The beneficiaries of the bulk of these transfers were the Supreme Leader’s office and its various tentacles, including the dominant Setad, the armed services, and the infamous bonyads (foundations). The implications of this stunning power-grab are better grasped because these institutions exercise virtually absolute control of all decision-making processes, legislative mechanisms, intelligence gathering, and access to significant budgetary commitments. As a result, major powerhouses have arisen, which now act as the main players and consequently the gatekeepers for western companies into the Iranian economy. 

The 14 powerhouses and large economic institutions that control Iran’s economy are as follows: 

The Headquarters for Executing the Order of the Imam (Setad) 

The Mostazafan (Oppressed) Foundation 

Astan-e Qods-e Razavi 

Shahid (Martyr) Foundation 

Emdad (Aid) Committee 

The Islamic Revolutionary Guard Corps (IRGC) Cooperative Foundation 

The Khatam al-Anbiya Construction Headquarters 

The Cooperative Foundation of the Bassij Force 

The Ghadir Investment Company 

The Armed Forces Social Welfare Investment Organization (SATA) 

Khatam al-Osia Construction Headquarters 

The Cooperative Foundation of the State Security Forces (NAJA) 

The Cooperative Foundation of the Army (BTAJA) 

The Cooperative Foundation of the Armed Forces Joint Chiefs of Staff (VDJA)” 

The vast and interconnected network of wealth and power in the hands of the Supreme leader is indicative of a sophisticated monopoly over the Iranian economy. Doing business with Iran is to do business with Khamenei and the IRGC. Simultaneously, the significant revenues from this monopoly enable and primarily fund the regime’s terrorism, intransigence, and regional adventurism. 

Meanwhile, the above facts and figures show that the regime is strategically unstable due to these developments to keep pace with the demands of a growing population and a young demographic. According to The Economist, “The Islamic Republic’s labor force is expected to grow by 2.5% annually in the five years to 2020, equivalent to about 3 million new job seekers.
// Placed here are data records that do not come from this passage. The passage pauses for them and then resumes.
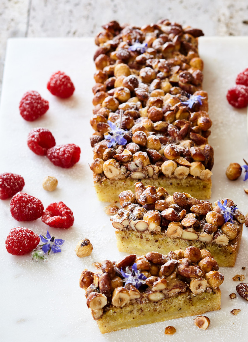 Remove from the oven. Give the nuts a good stir, then carefully spoon on top of the cake, distributing them evenly. Place back in the oven for about 15 minutes or until the top is golden and set. Cool completely in the tin.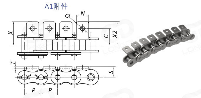帶附件側(cè)彎A系列鏈條請使用鋼制ANSI標準鏈輪。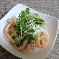 - 準備 明太子は薄皮から外し、ほぐしておきます。 かいわれ大根は根元を切り落としておきます。 うどんはパッケージの表記通り解凍し、加熱しておきます。

The problem is thorniest for young people and women, for whom unemployment stands at 25.2% and 19.7% respectively.” These figures are, in part, obtained from official and ultraconservative estimates. 

Conclusion 

The regime has plundered Iran’s national wealth to fund its illicit and malign activities, such as export of terrorism, racing toward a nuclear weapon, and manufacturing ballistic missiles. This is in addition to the regime’s institutionalized corruption, which devours billions of dollars a year. 
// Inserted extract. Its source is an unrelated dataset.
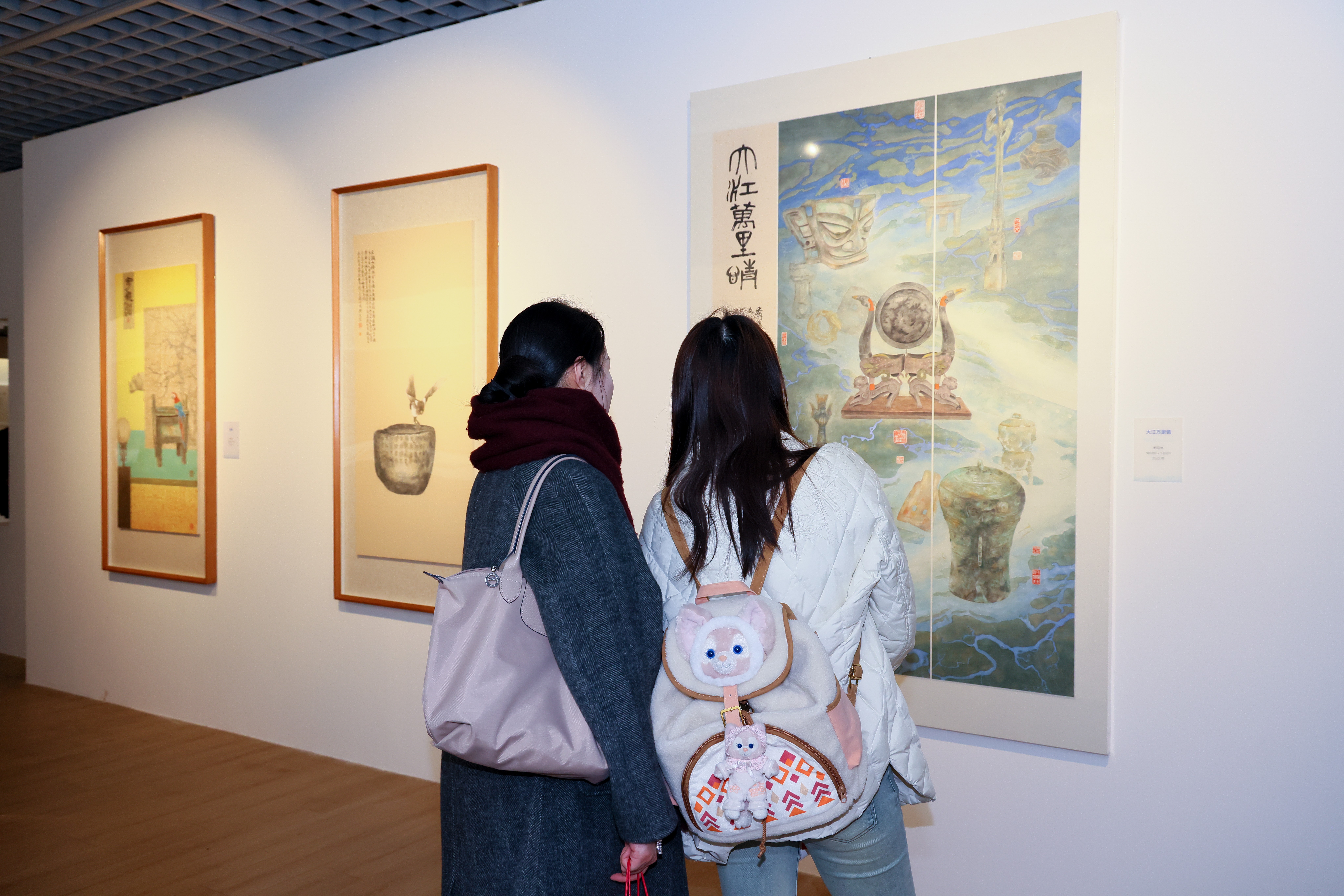 四是艺术价值。这是一次绘画艺术展,汇聚了6位江苏老中青书画英才。其中,有老艺术家,也有中年艺术骨干,更有崭露头角的艺术新锐,他们有着科班的艺术背景,取得了不俗的艺术成绩,可见这个展览的艺术性一定不低。然而,我为什么不先介绍这次展览的艺术性,将其放在最后?因为真正的艺术其价值一定在艺术之外,超出艺术价值或者令人淡化、甚至忘记其艺术价值的艺术才是最高的艺术,这在艺术史上是有很多先例的,在这里不加赘述。我们清楚地看到,该项目从一开始策划就确定了它不仅仅是一个绘画活动,也不仅仅是一个艺术项目,它具有厚重、丰富、精彩的文化价值,或许也正是它获得艺术基金资助的重要原因之一。当然,它的艺术性也不能小觑,首先,这种创意就我的认知来看属于首创,它将艺术、历史和科学贯穿起来,具有了立体的文化价值。其次,在中国绘画创作种类上如山水、花鸟、鱼虫、人物等,拓展了以文物为表现对象的新题材,从而在创作手法如文物的造型、纹饰镌刻、色彩融合等方面都有着新的挑战和创新的探索,为中国画的创作开辟了一条新路。不管是工笔还是写意抑或兼工带写,都表现出画家们的独特视角和艺术表现力,在尊重实物的基础上、在具象和抽象之间,都表现出艺术家深厚的功力和独特的艺术感受。还克服了没有前人作借鉴的冷僻,造型奇特多变背后的工艺复杂,以及材质器型多样等创作上的困难,创新了文物绘画独特的表现手法,是一种全新的具有探索性的再次艺术创作。

It is now becoming clear why Iranians are willing to boycott the regime’s sham presidential elections. 

This article could be summarized in the following points: 

– Iranians are grappling with poverty, which results from the regime’s wrong economic policies, corruption, and plundering the national wealth. 
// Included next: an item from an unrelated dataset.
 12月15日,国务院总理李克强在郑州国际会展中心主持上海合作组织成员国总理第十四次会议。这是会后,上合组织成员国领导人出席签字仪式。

– Iran’s economic crisis has no solution under the current regime, no matter who Khamenei selects. Because the regime is the real reason for Iran’s economic crisis 

– Since Khamenei and the IRGC dominate Iran’s economy; namely, the “private” section, doing any business with the regime will only fuel its warmongering and oppression machine. 

As the people of Iran continue their protests and call for a nationwide boycott of the regime’s sham presidential elections, the international community should support their desire and not recognize the mullahs’ sham elections.